C++ BFS Solution, Well Factored, Easy to Understand


  • 0
    class Solution {
    public:
        vector<vector<char>> updateBoard(vector<vector<char>>& board, vector<int>& click) {
            if(board[click[0]][click[1]]=='M')
                board[click[0]][click[1]]='X';
            else {
                queue<vector<int>> q({click});
                while(q.size()) { // BFS
                    vector<int> pos = q.front(); q.pop();
                    int res = checkMines(board, pos);
                    board[pos[0]][pos[1]]=res?'0'+res:'B';
                    for(auto it:getNeighbors(board,pos))

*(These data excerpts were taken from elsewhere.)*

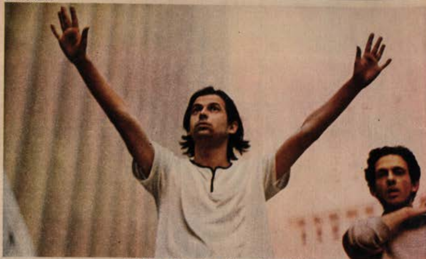
José Dirceu e Travassos: os líderes estão cansados.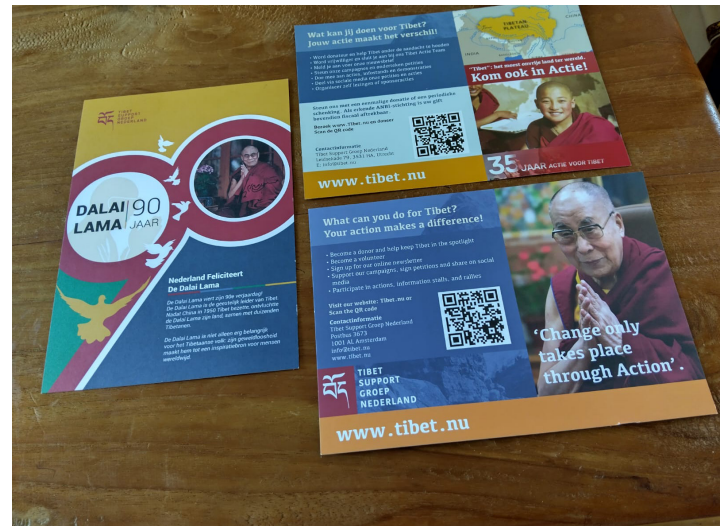
Tibet Support Groep folders en nieuwsbrief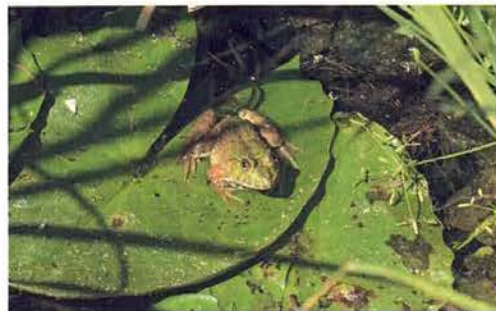
Abb. 16. Hoplobatrachus occipitalis .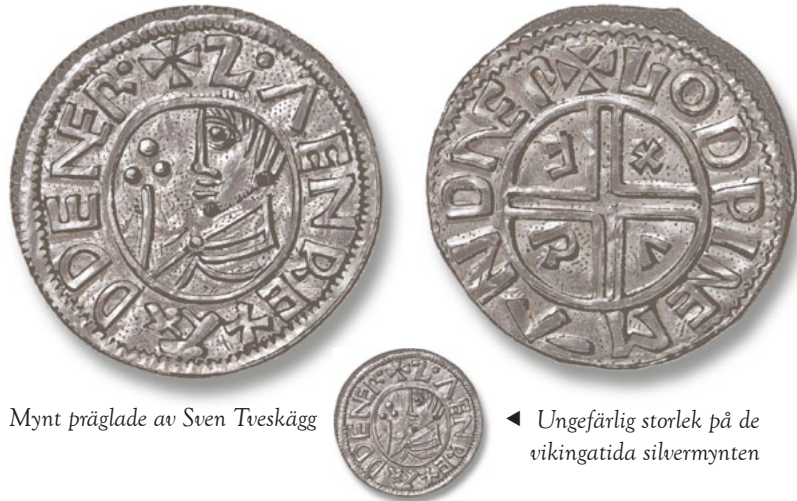
Mynt präglade av Sven Tveskägg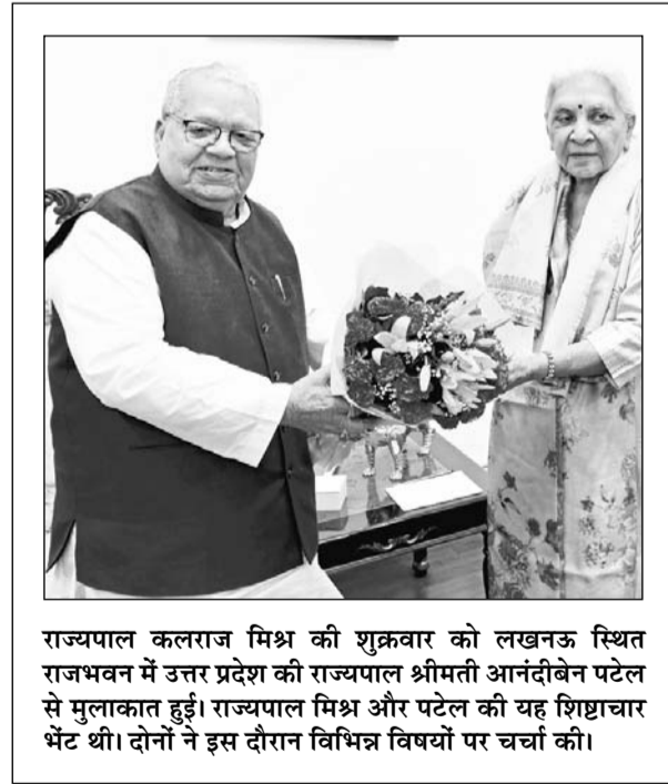
राज्यपाल कलराज मिश्र की शुक्रवार को लखनऊ स्थित राजभवन में उत्तर प्रदेश की राज्यपाल श्रीमती आनंदीबेन पटेल से मुलाकात हुई। राज्यपाल मिश्र और पटेल की यह शिष्टाचार भेंट थी। दोनों ने इस दौरान विभिन्न विषयों पर चर्चा की।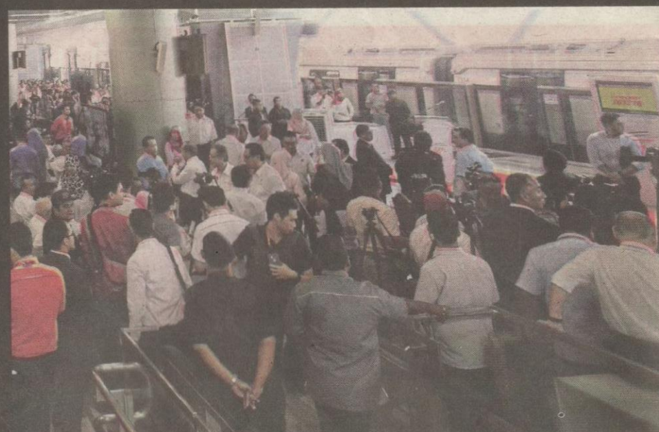
ANTARA jemputan yang berpeluang menaiki MRT ketika majlis Pelancaran MRT Fasa 1 laluan Sungai Buloh-Semantan.

                        if(!res&&board[it[0]][it[1]]=='E') { // res check should be promoted before for loop, here just to eliminate one line
                            q.push(it);
                            board[it[0]][it[1]]='V'; // change to 'V' means visited
                        }
                }
            }
            return board;
        }
        bool checkBoundary(vector<vector<char>>& board, int x, int y) {
            if(x>=0&&x<board.size()&&y>=0&&y<board[0].size())
                return true;
            return false;
        }
        int checkMines(vector<vector<char>>& board, vector<int>& pos) {
            int sum=0;
            for(int i=-1;i<=1;i++)
                for(int j=-1;j<=1;j++)
                    if((i!=0||j!=0)&&checkBoundary(board,pos[0]+i,pos[1]+j)&&board[pos[0]+i][pos[1]+j]=='M')
                        sum++;
            return sum;
        }
        vector<vector<int>> getNeighbors(vector<vector<char>>& board, vector<int>& pos) {
            vector<vector<int>> res;
            for(int i=-1;i<=1;i++)
                for(int j=-1;j<=1;j++)
                    if((i!=0||j!=0)&&checkBoundary(board,pos[0]+i,pos[1]+j))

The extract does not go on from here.